EORA is also effective in larger models such as QWEN2.5-72B, although the gain is more moderate. On this model, low-level adapters have little benefit. It wasn’t until I raised my ranking to 256 that major improvements began to occur.

Memory consumption of EORA

Using the EORA adapter during inference results in the following increase in memory consumption:

Overhead is usually negligible. For example, for the 2-bit QWEN3-14B, the adapter adds only 257 MB and 514 MB to the total model size, ranking 32 and 64. In the larger rankings, using EORA adapters becomes questionable, as the total memory consumption may exceed the memory consumption of the same model with higher accuracy. For example, a 2-bit QWEN2.5 72B with an EORA adapter is greater than a 3-bit QWEN2.5 72B.

Note: This estimate only includes memory consumed by the adapter parameters. For completeness, we can also illustrate the memory used by adapter activation during inference. However, they are very small relative to other tensors such as the model’s attention and MLP layers and can be safely considered negligible.

in conclusion

EORA work.
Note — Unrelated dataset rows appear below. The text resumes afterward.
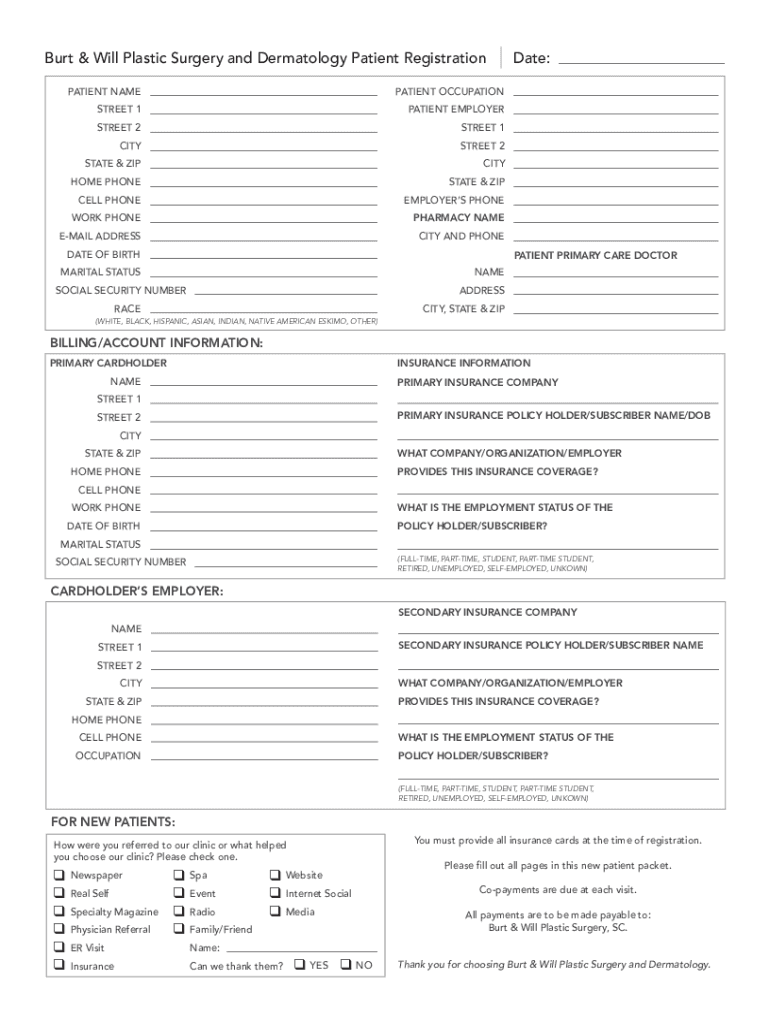 Burt & Will Plastic Surgery and Dermatology Patient Registration|PATIENT IMPATIENT OCCUPATIONSTREET 1PATIENT EMPLOYERSTREET 2STREET 1CITYSTREET 2STATE & ZIPCITYHOME PROSTATE & CELL PHONEEMPLOYERS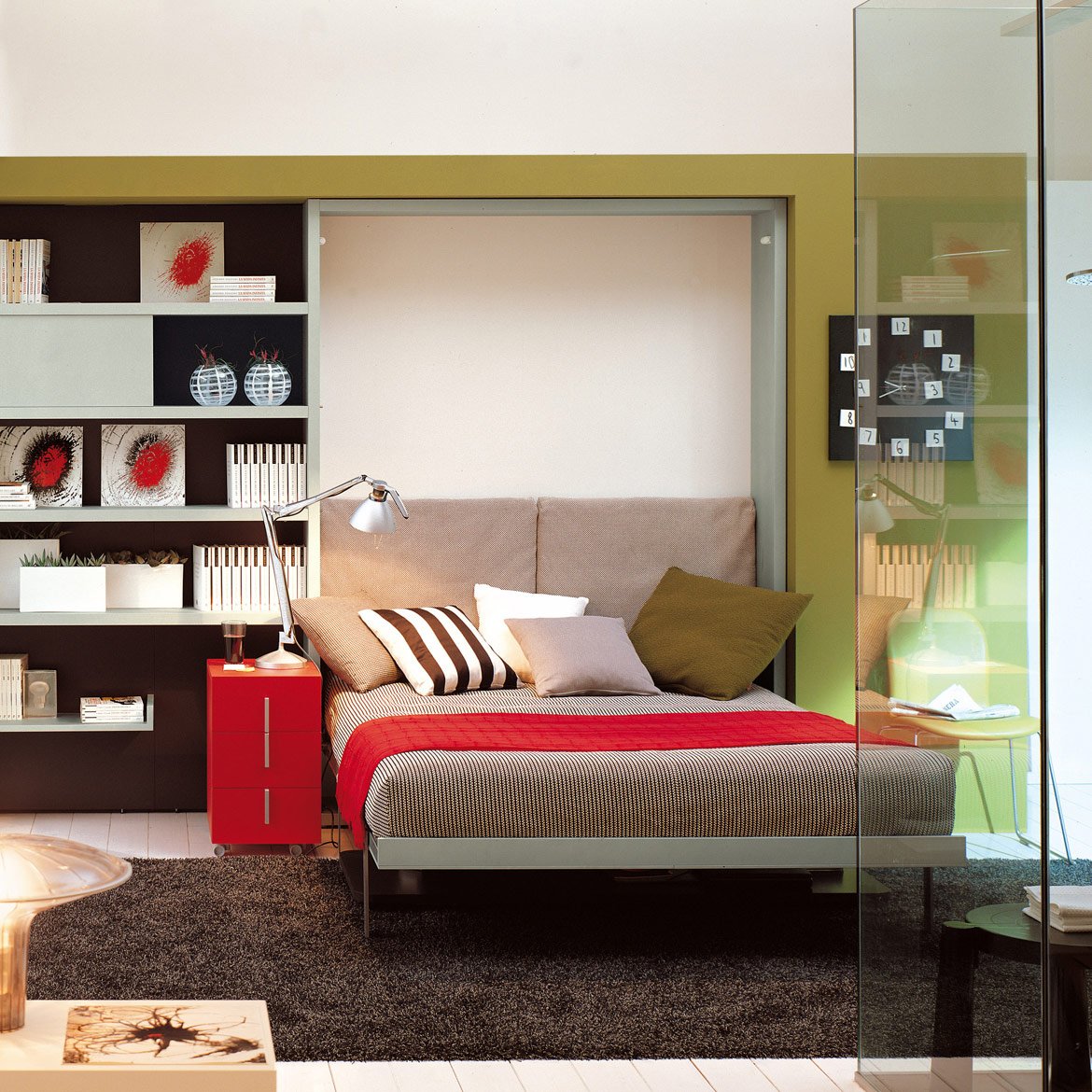 - При помощи встроенной кровати можно менять интерьер комнаты, разбирая и собирая спальное место.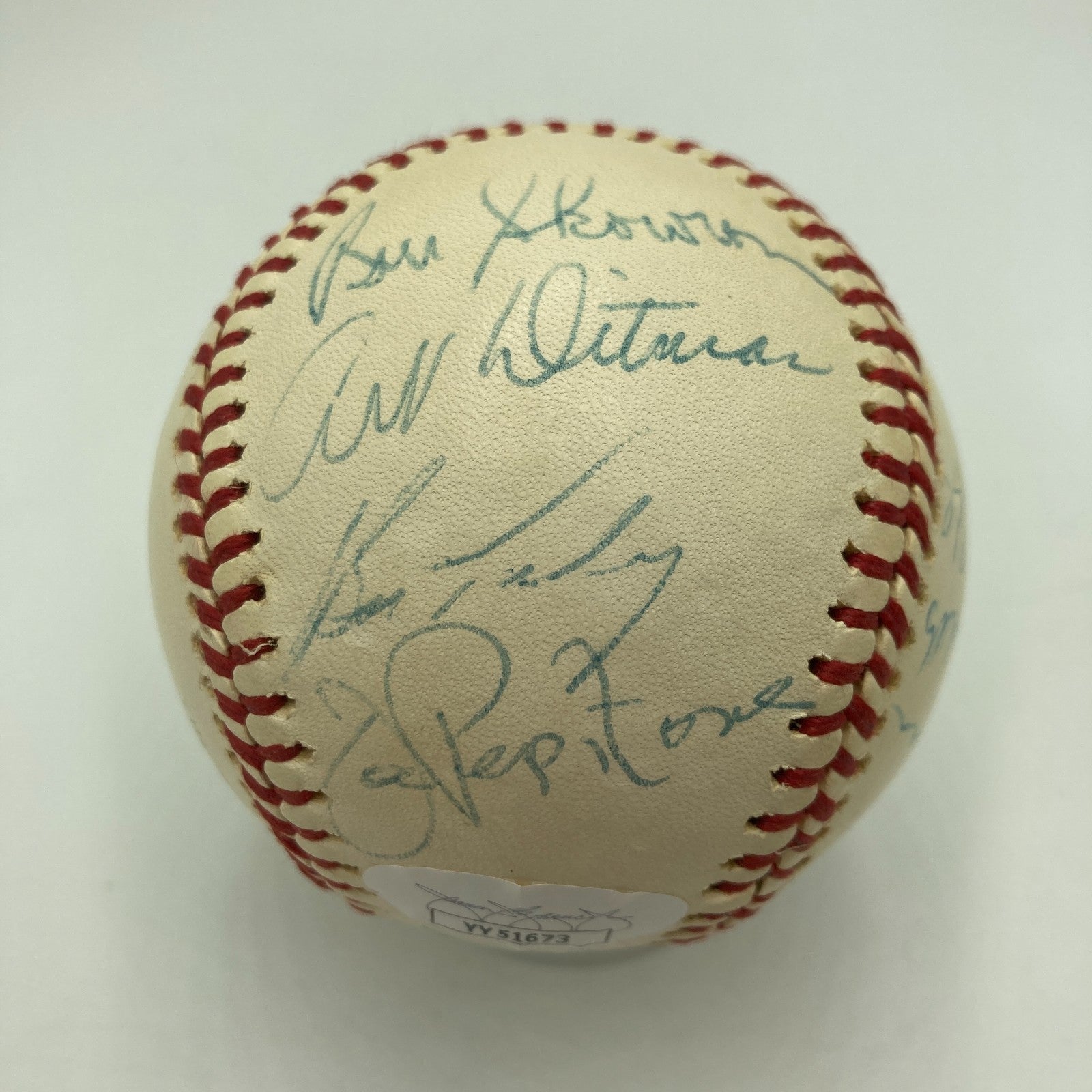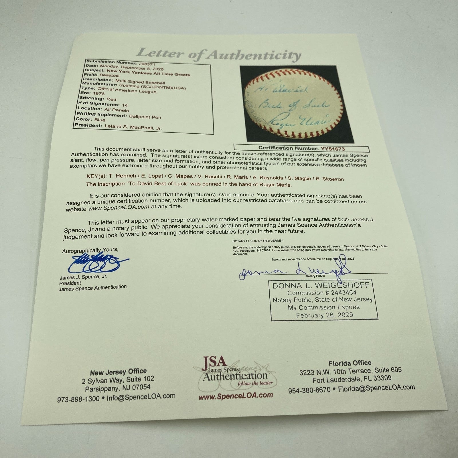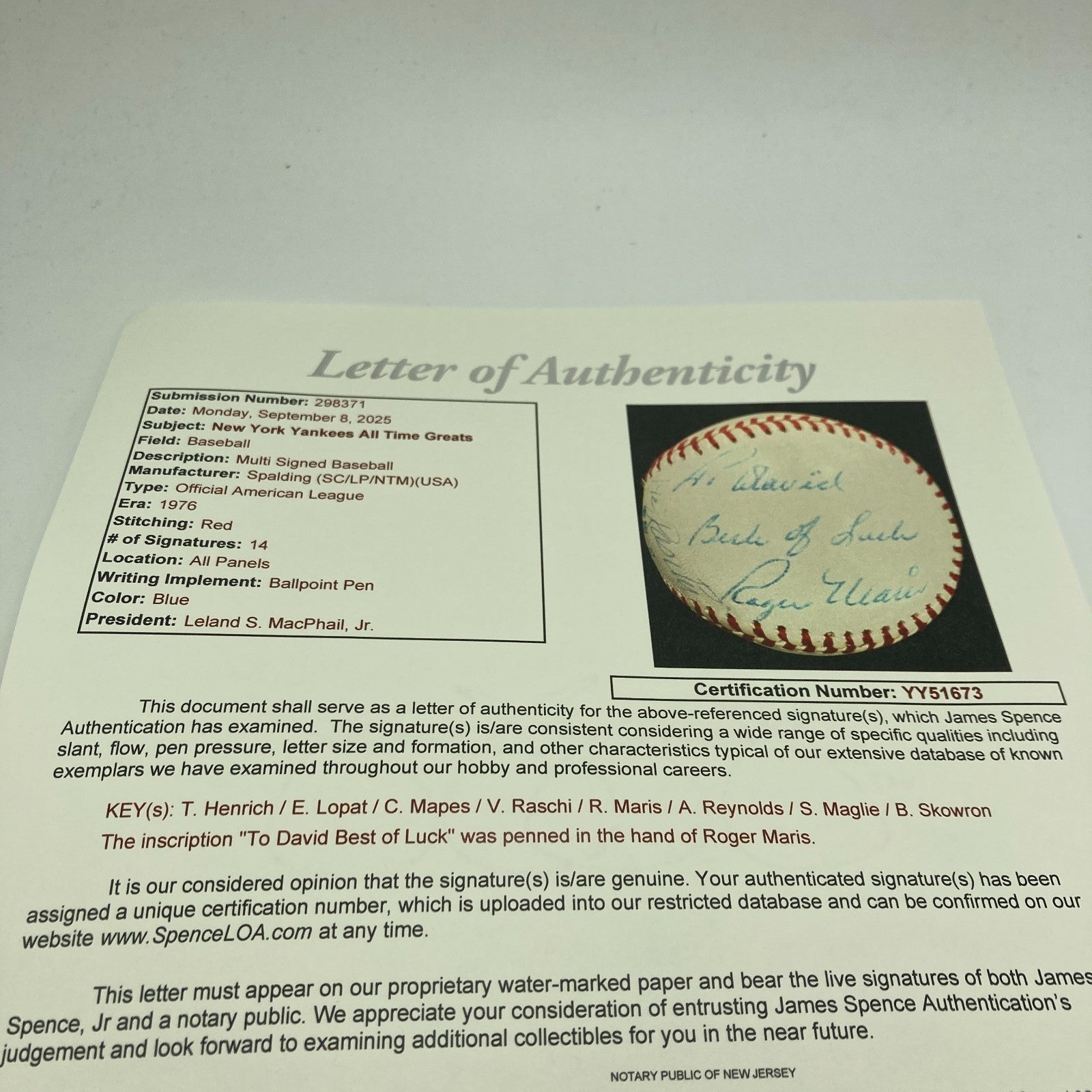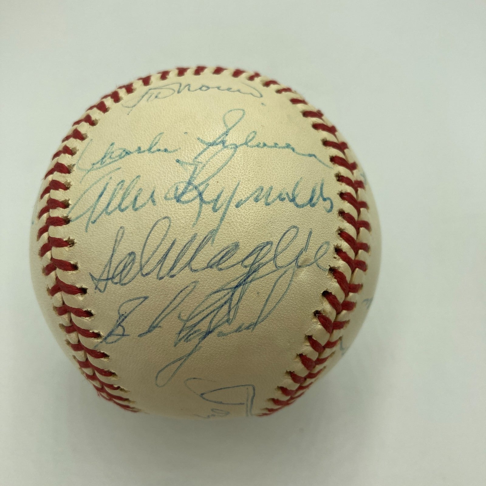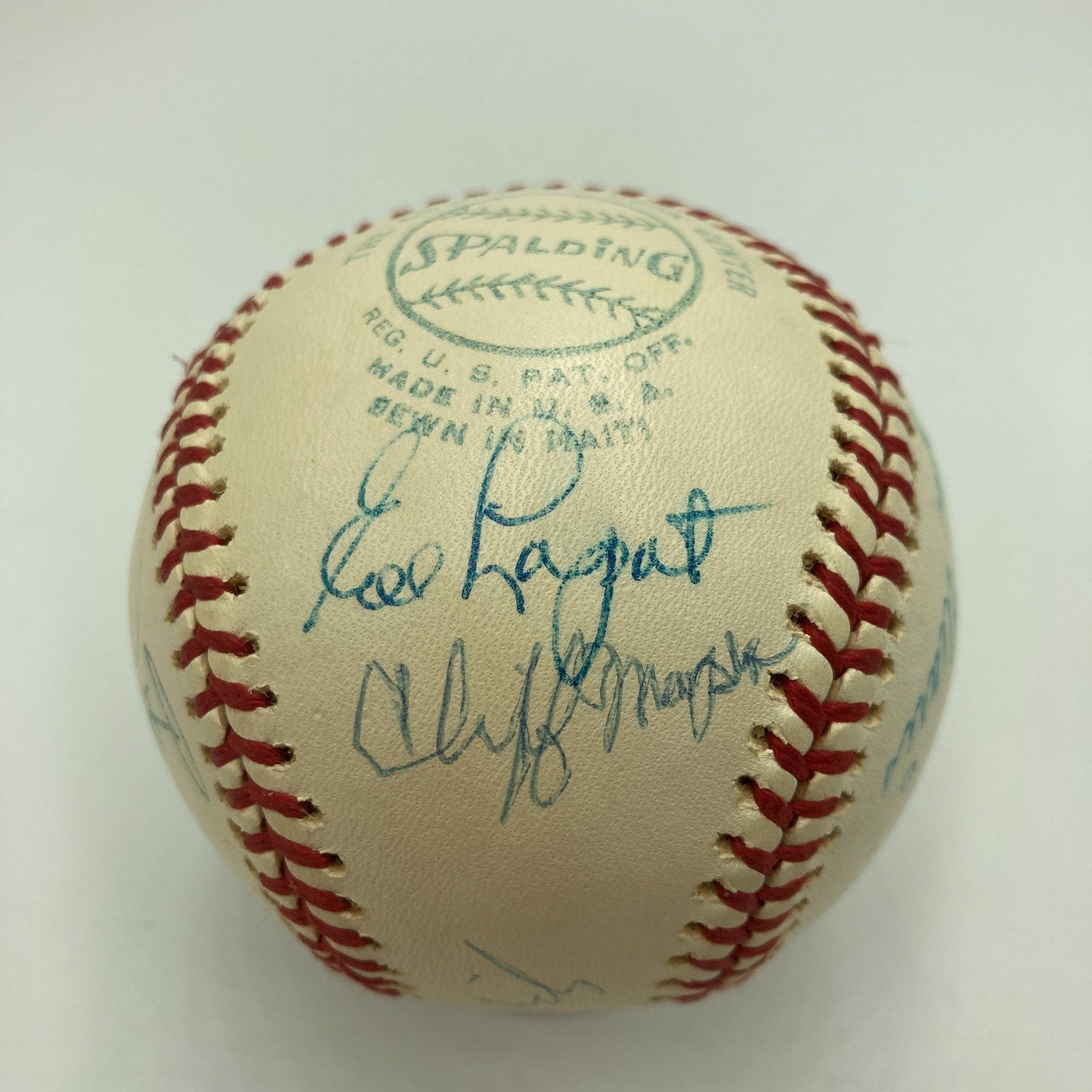 Many great players have donned the New York Yankees pinstripes over the years, including those who have contributed autographs to this legends multi-signed baseball. Chief among the signers is Roger Maris, who passed away in 1985. Given the ball type is an OAL/MacPhail model, and the date of Roger’s departure, this orb was likely period signed at a Yankees reunion, during MacPhail’s 1974-1983 tenure as American League president.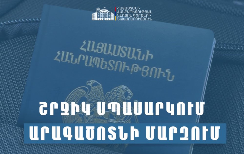 ՆԳՆ Միգրացիայի և քաղաքացիության ծառայության աշխատանքներն առավել արդյունավետ կազմակերպելու, քաղաքացիներին մատուցվող ծառայություններն առավել հասանելի դարձնելու, ինչպես նաև ԼՂ-ից բռնի տեղահանված անձանց՝ ՀՀ քաղաքացիություն ստանալու վերաբերյալ դիմումների ընդունմանն աջակցելու նպատակով նոյեմբերի 11-13-ը շրջիկ ձևաչափով ծառայություններ կմատուցվեն Արագածոտնի մարզում։

We have confirmed that this is a simple but effective way to compensate for quantization errors, even at 2-bit accuracy. It is intuitive, untrained, and can improve meaningful performance. That is, some trade-offs need to be considered:

Level search: Finding the best Lora level requires experimentation. It is difficult to predict in advance whether the 32 ranking is sufficient or whether the rank (e.g. 256) will lead to overfitting. The optimal value depends on the model, calibration data, and target tasks.
Increase memory consumption: The purpose of quantification is to reduce memory usage in highly constrained environments. Although EORA adapters are relatively lightweight in the lower rankings, they do increase memory consumption slightly, especially at higher levels, reducing the overall efficiency of 2-bit quantization.

Looking ahead, Nvidia’s paper also shows that the EORA adapter provides an excellent starting point for Qlora fine tuning. In other words, if you plan to fine-tune the 2-bit model with Qlora, model initialization adapted from EORA can lead to better results with less training efforts. Last year, I wrote about the fine-tuning adapter for GPTQ models in my newsletter:

Qlora with automation: Cheaper, better LLM fine tune on your GPU

The main difference is that we will load the EORA adapter instead of initializing the adapter from scratch. This adapter will be fine-tuned.